# Ihome won't charge my ipod nano (1stgen)



## tyler123123 (Jan 3, 2008)

Ok, I plugged in my ipod into my new ihome, it plays sound and everything perfectly, But then.... It wont charge!!! How do i fix this


----------



## Yankee Rose (Jul 14, 1999)

Hello:

Will your iPod charge when connected to your computer? I assume you use Windows (from reading your signature).


----------



## tyler123123 (Jan 3, 2008)

Yes, it will charge from the computer


----------



## Yankee Rose (Jul 14, 1999)

Hi again -

Did you update your software for the Nano? Make sure it is not locked, too.

Did you try jiggling the Nano _gently_ in the iHome dock? (I'm sure you probably did but want to check). Also check for obstructions on the connectors in the dock and in your iHome.

Did you give it a few minutes to set before it starts charging?

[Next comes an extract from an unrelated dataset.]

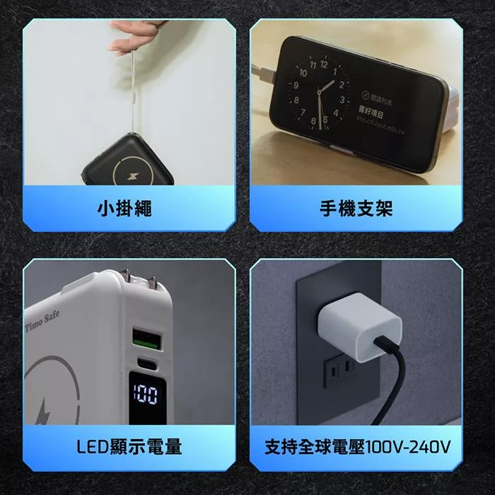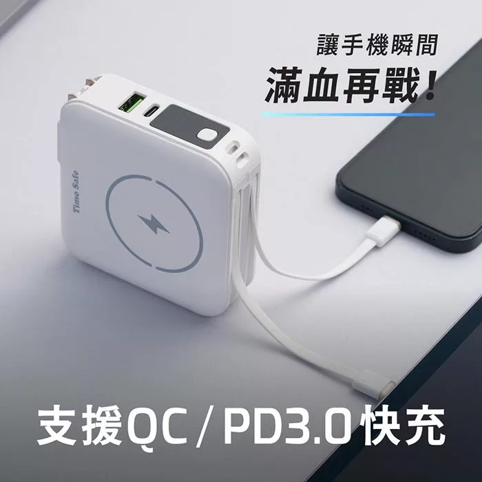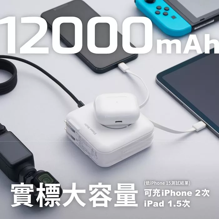 【ENABLE】台灣製造 15月保固 Traveler+ 10000mAh 20W PD/QC 自帶插頭雙向快充行動電源- 午夜藍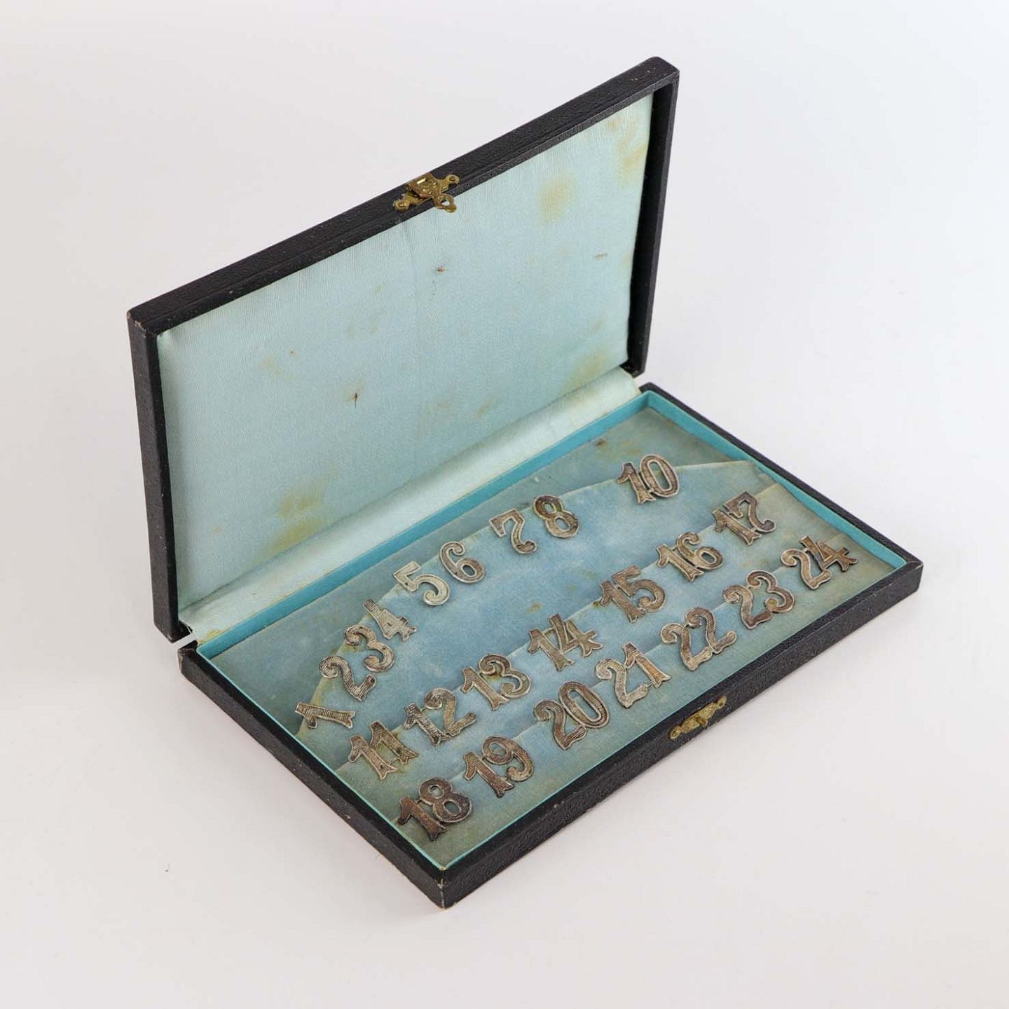 Æske med tal fra 1 til 24 i sølv. Tallet 9 mangler. Disse kan eksempelvis anvendes i forbindelse med julens pakkekalender.

Do you have another iPod or a friend with one that you could test it with? That way you will pinpoint if it is the Nano or the iHome. If it won't charge another iPod, then I'd check into exchanging the iHome since it is new.

Hope that helps!


----------



## tyler123123 (Jan 3, 2008)

Ok, here are the answers in order:

1:Yes, it is the latest version.
2:Yes, that didn't work; everything is in check, but Is there suppossed to be 2 thicker curcit line things in the middle?
3:I let the battery drain!!
4:Yes, my mom's, she has the same ipod and dock, and hers charges in mine and hers


----------



## Yankee Rose (Jul 14, 1999)

OK.

The fact that your mom's exact same iPod will charge in your iHome shows that it is more than likely your iPod. Have you tried restoring your iPod? 

Which iHome do you have? iH5 with Universal iPod Case, iH5, iH5B or iH36W?


----------



## tyler123123 (Jan 3, 2008)

Ok, i will try restoring my ipod, but im not sure about the version. It is a black one witha remote and a bunch of dock add - ons


----------



## tyler123123 (Jan 3, 2008)

... It didn't work. I restored it and everything and apple dosen't have 1 section on ihomes.


----------



## tyler123123 (Jan 3, 2008)

Anyone there?????????????????


----------



## Yankee Rose (Jul 14, 1999)

Sorry about that - I somehow missed your last two replies. 

In checking iHome's support site, it appears it is an issue with your iPod and not the iHome.

Apple's Discussions has several threads on an iHome not charging an iPod, but I couldn't find one with the issue resolved.


----------



## tyler123123 (Jan 3, 2008)

NVM all that. I just got an ipod touch 8GB ( @<) )


----------



## Yankee Rose (Jul 14, 1999)

Cool! :up: Enjoy.


----------